Most people are fine with this traditional layout, and it’s probably the only way to organise the elements of a quiz right now.

But sometimes it doesn’t work, and complications arise. When does this happen?

• If the answer options are verbose, the text may go beyond the buttons or simply be truncated.

• If users (with visual impairments, for example) increase the font size, then the text may also extend beyond the buttons or be truncated.

• If the quiz authors want the answers to be images, it doesn’t look very legible on small buttons.

All this complicates the perception of information and distracts you from the goal of passing the quiz, testing yourself.

But why is this so?

The reason for such shortcomings is the desire to fit all answer options on one screen at the same time.

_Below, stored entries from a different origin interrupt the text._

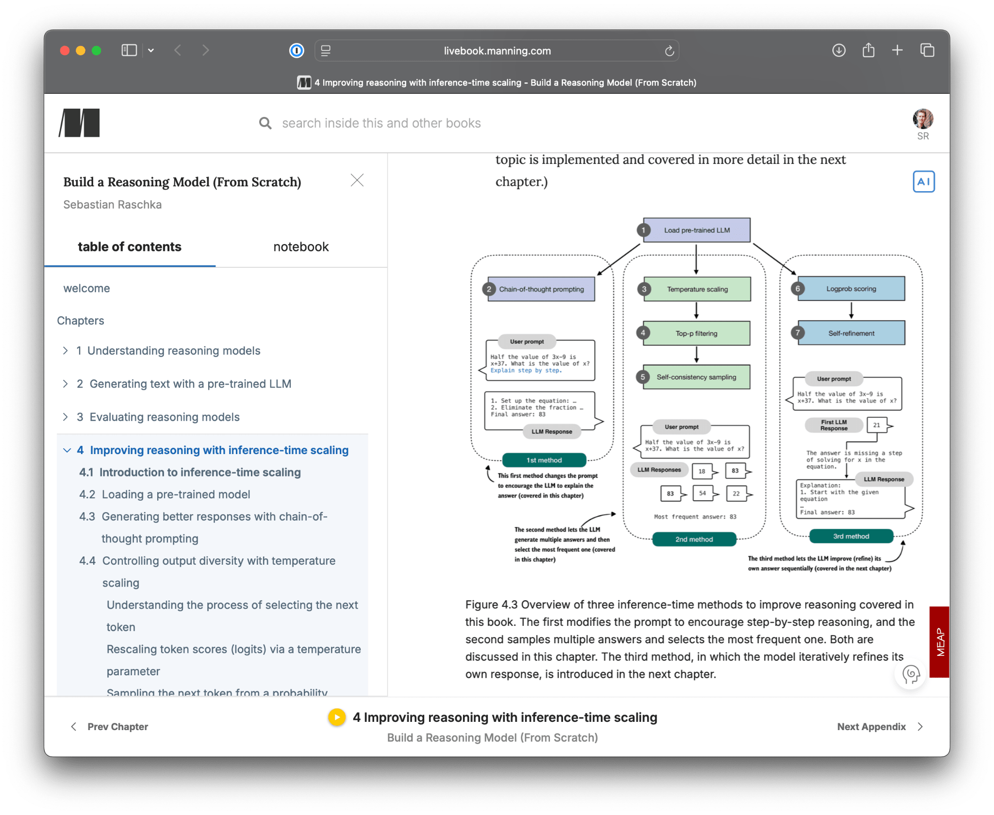 The reasoning model book then picks up where the first book leaves off. Starting from a pre-trained base model, it explores inference-time scaling methods and reinforcement learning techniques aimed specifically at improving reasoning capabilities.
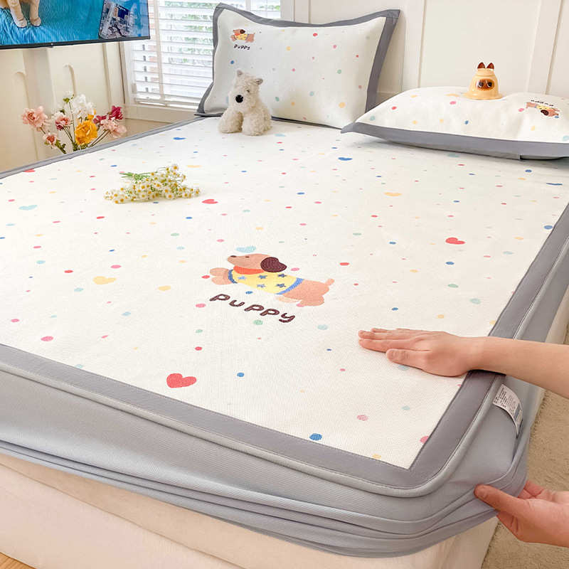 E0PB批发夏凉感冰豆豆防刮划冰丝凉席三件套可折叠机洗床笠款空调
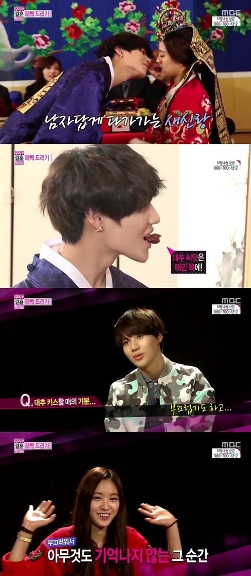 MBC 예능 프로그램 '우리 결혼했어요4'에서 태민과 나은이 고난도 스킨십인 대추키스에 도전하며 매우 긴장한 모습을 보였다.
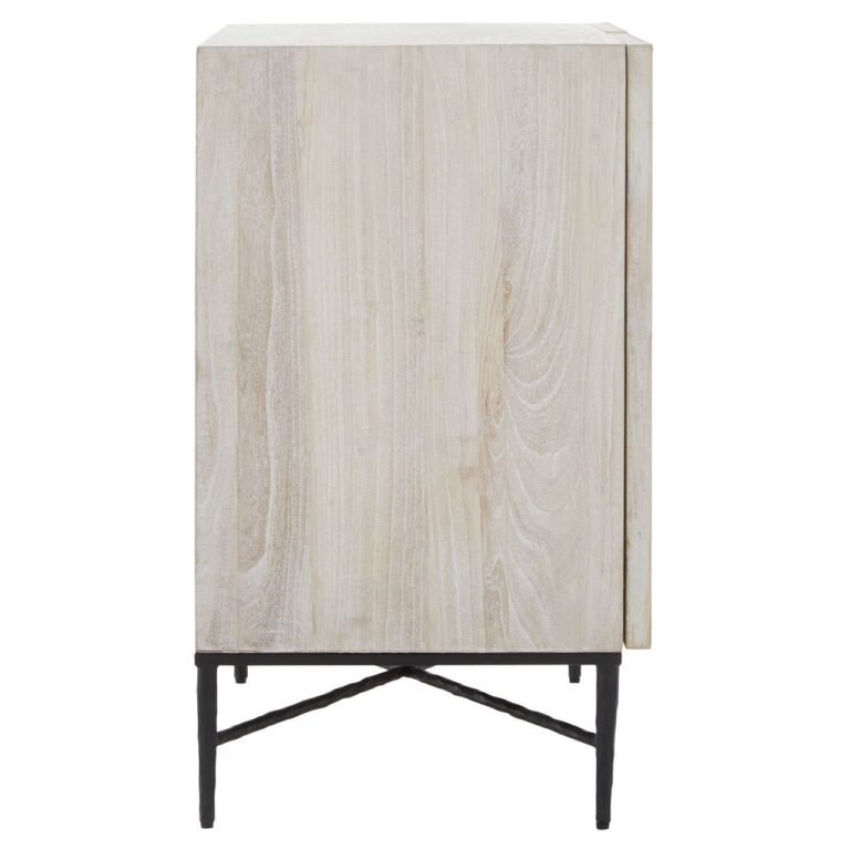 Hastings Sideboard: This two door elm wood sideboard provides generous storage space while its elegant design makes it a statement piece. It is supported by iron legs and coordinates with boho style weathered wood furniture.
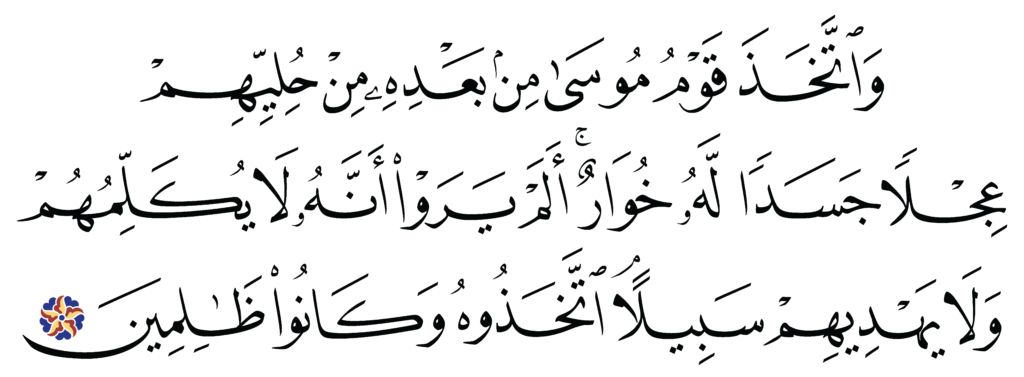 | الأعراف 7، 148 | القرآن الكريم مصحف جلالة الملكة علياء | ![]() |

Because of this, the buttons occupy a rather limited space. It is enough to comfortably fit one or few words but no more.

A pitfall of the traditional approach

While seeing all the answers at once is convenient for quiz writers, it also detracts from the quiz’s value as a memorisation method. How?

If you are confident in your knowledge, you check all the answer options until you get to the right one. Note: at the same time, you must separately keep the question in mind.

If you are not sure, then you can eliminate all, in your opinion, incorrect options, leaving one or several correct options in your brain, and then choose the most likely one from them, that is, guess the answer.

But this series of intense comparisons is unlikely to visually imprint the correct option in your memory.

Because it multiplies the information noise in your mind, in contrast to a simple visual comparison of the question and the answer option, one after another.

Innovative approach

Is there any way to solve these problems?

The following illustration depicts the schematic layout of the Everycards quiz.

That is, the answers have the form of a gallery of slides.

You scroll through these slides until you see the correct answer and then tap on it.

There is only one button to play sound or read aloud in Everycards. You can tap it to listen to the current answer option. Or tap the question first to listen to it the same way.

Slides take up all available screen space, and their proportions are the same as flashcards.

What are the advantages?

This innovative quiz control scheme gives you the following capabilities:

• Quiz answers can be texts, photos, and audio recordings — in any combination!

• Answers remain readable even if their length is a full sentence*.

• The size of the text can be increased without distorting its appearance (up to a certain limit).

• The number of answer options is limited only by practical sense, not by the free area of the screen.

• If you enable automatic playback of sounds or reading aloud, you can control the quiz without even looking at the screen. After some training, of course.

• Your brain focuses on comparing the question and the answer one by one, instead of the more energy-consuming traditional approach.

Of course, such an innovative scheme is a bit unusual. But many of the things that surround us now also once seemed strange and impractical to people.

So, are you against experimentation or not?

Try creating your own quiz at Everycards, then let your friends or family take it. In the Everycards Store you will find examples of ready-made quizzes on various topics.

One more (advanced) thing

By the way, the question of the Everycards quiz can also be made from several slides!

This is useful for presenting a wordy, complex question in small chunks. Or to enrich questions with photo or audio illustrations, etc.

But this is aerobatics that is unlikely to become your regular practice… 🤓 If this happens, the Everycards team takes off its hats!

Good luck and good studies!

*If the text is so long that it still gets truncated, Everycards has a button to temporarily expand the slide to full screen.